Minister of Transport Government of Telangana
- In office 08 September 2019 – 03 December 2023
- Chief Minister: K. Chandrasekhar Rao
- Preceded by: P. Mahender Reddy
- Succeeded by: Ponnam Prabhakar

Member of Telangana Legislative assembly
- In office 2014–2023
- Preceded by: Thummala Nageswara Rao
- Succeeded by: Thummala Nageshwar Rao
- Constituency: Khammam

Personal details
- Born: 19 April 1965 (age 61)
- Party: Telangana Rashtra Samithi
- Occupation: Politician
- Profession: M.Sc. (Agriculture from Bangalore)

= Puvvada Ajay Kumar =

Indian politician

Puvvada Ajay Kumar (born 19 April 1965) is an Indian politician who was the former transport minister of Telangana from 2019 to 2023. He is also the chairman of Mamata Academy of Medical Sciences, Hyderabad, and Mamata Medical, Nursing, and Dental Colleges in Khammam.
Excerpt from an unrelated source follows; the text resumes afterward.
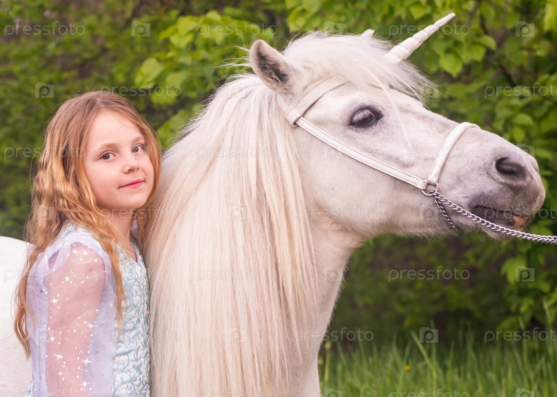 Портрет. Красивая нарядная девочка с волшебным сказочным единорогом. Девочка и белый пони. Ребенок - модель. Портрет. Красивая элегантная девушка с магическим феей-единорогом. Девушка и белое пони. Ребенок является моделем
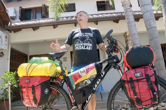 Imerso nas andanças da cicloviagem há quatro anos, o escritor Demétrio Soster era só sorrisos ainda na terça-feira, quando finalizava os detalhes para a partida. Depois de cumprir trajeto até Buenos Aires, na Argentina, em janeiro do ano passado, o também professor da Unisc retornou a Santa Cruz com a certeza de que a próxima viagem seria ainda maior. E assim o fez. Junto com o parceiro que conheceu na jornada batizada de Operação Banda Oriental, Lincoln Paiva, planejou roteiro, caprichou na compra de equipamentos e, como todo bom sonhador, viveu a expectativa de colocar o pé na estrada.

He was elected as a Member of Legislative Assembly from the Khammam constituency. Later, he joined in Telangana Rastra Samiti.

== Career ==
Initially, his political career started as a Central Executive Council member of the YSR Congress Party. Later, he contested as a Member of Legislative Assembly from the Indian National Congress party and was elected to the Legislative Assembly of Telangana in the General Elections 2014. Finally, in 2016, he quit the Indian National Congress Party and joined the Telangana Rastra Samithi.
In 2019, he was appointed as the Minister of Transport of Telangana.